Saturday, April 19, 2003

only a moment to post but this seemed worth stopping for:

"In life there is bueno and there is malo. If you do not find enough of the good, you must yourself create it. ... ... ... Remember this thing - any small goodness is of value."

-from 'Any Small Goodness' by Tony Johnston

Friday, April 18, 2003

WARNING: EXTREME SERIOUSNESS ALERT.

It’s been a weird week. Among other things, I’ve discovered the heart of the reason why I can’t live with anyone. It’s a bit disturbing, but at the same time, it’s ME, and I like me and understand me, so… the world, myself include, has to just like it or lump it*.
It seems that my need for isolation is more than just a spiritual, mental thing. I’ve always had a lot of fear-driven anger. The hyper-vigilance that comes from being a victim of abuse for the first 20 years of ones’ life instills a sub-conscious and “unpredictable” (but obvious) pattern of reactions to any given situation. Anytime anyone else comes into my space, no matter where I am, my brain gives signals to my body – I actually ALWAYS have to THINK about how I hug someone. It is always an awkward process (except maybe with Aunt Sue and dad, my oldest, safest hugs). When I enter a new place, without even really being aware of it, I “case” it for dangerous looking people and escape routes. I notice all ‘odd’ things, I remember numbers, times, descriptions – just in case. It seems sad, sometimes it feels sad, but is completely ingrained in me, it has kept me alive, and it is quite interesting to have a mind like this – IF it has a safe place to rest and doesn’t get ‘carried away’.
My home has been now, for years, my sanctuary. The one place where I felt both secure and could just be as, well, WHATEVER as I wanted to be. When I discovered that my neighbor was
watching me, stalking me, I suppose, I nearly went over the edge. I was no longer safe. I no longer had a space for the all of me, a place where I could lay down my sword and shield for a few hours.
Then, a friend moved in, and – and though that should have counter-acted the fear of this neighbor’s intrusion, he was just a possibility (of intrusion and danger). Now I have another presence in my cave all the time. It is like being a kid again… guarding my privacy, listening for every sound, pretending to be asleep, desperately trying to find any way possible to be alone, even if it is just within my head. I didn’t realize how badly it was affecting me until three incidents occurred this week.
The first was when I had to move my own refrigerator in order to unplug the fan I carry around the house. Part of it was that I was EXTREMELY tired, and frustrated at having to do this, the other part was that my house-mate, in trying to be helpful, had pried open the window DIRECTLY across from my bedroom and put the fan there. I am vulnerable because of this window – I hate to sleep (or do ANYTHING with closed doors, I don’t even like to close the stalls in public bathrooms…) behind closed doors – and this window faces the side yard nearest to the public road, with a direct view into my room. So in order to close this window, I had to go to a good deal of effort.
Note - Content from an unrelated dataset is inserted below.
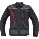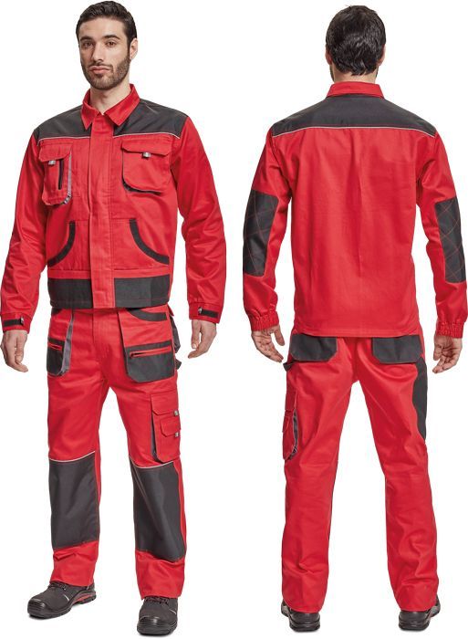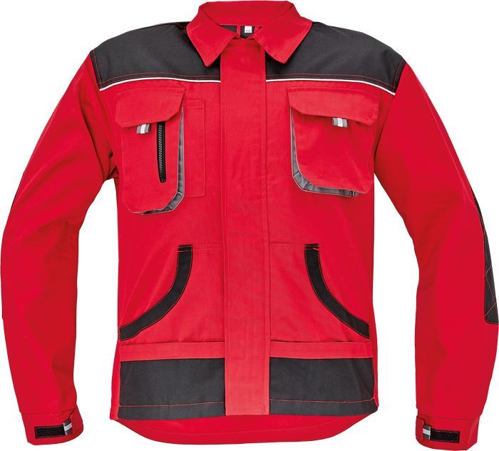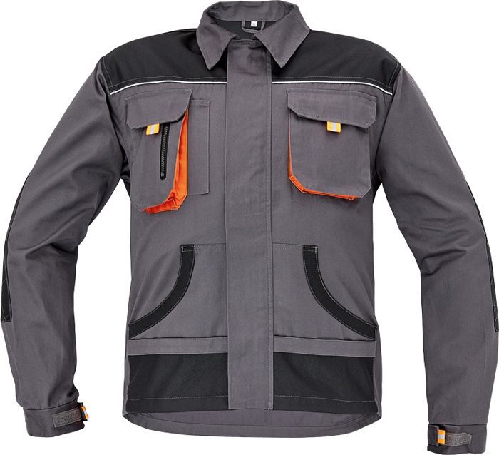 men's working cotton jacket; zipper closing covered with velcro placket; 2 breast pockets with velcro closing; 2 multifunctional side pockets; polyester Oxford reinforced elbow parts and shoulders.

Before I knew what I’d done, I’d hit the window frame so hard that my knuckles are still bruised, and I missed the window by inches.
Then on Monday night, I was with a Gentleman Friend, of many years’ acquaintance. We were having a nice evening, getting skwoochy, and then – in an awkward moment – he laughed, and I thought he was laughing at me. Without ANY thought at all, I felt my anger and “cagedness” spring out of me, and I hurt him. I have never hurt him before, and have not done anything like that in years. Let me add, just for the record, that he was a gentleman, even then. He was not angry, heartbreakingly, he admitted that he was simply scared.

The following morning, I was at my local convenience store, paying for gas, when a man who works there came up behind me and put his arms around my neck. He’s a VERY big man – and he is married with children. I have confronted him VERY clearly, publicly, and not in a “sweet way” about touching me and LEANING on me before. The last time was LOUD, in the McD's.
When he surprised me this way on Tuesday morning, I snapped again, and within seconds, I had pinned his hands, kicked him twice, ducked under his arms and punched him three times in the ribs. I realized what was happening in time to pull the punches somewhat, but I was utterly humiliated and very angry. (But I was also RIGHT.) This has happened to me before, but not for years, and always in moments of real fear or pain. To have three incidents like this in just three days is something I can't rationalize**. Someone close and dear to me has been struggling with something similar for years and now I am
beginning to understand.
Take time for yourselves people. Take time to unwind, do WHATEVER YOU NEED TO DO to have your own space. Do not ignore your hurt monkey self, or you might end up hurting someone else.
Wish me peace and luck.
-s

*what an odd expression. I’ve always liked and used it, though.
**that is the worst pun i've ever accidentally written.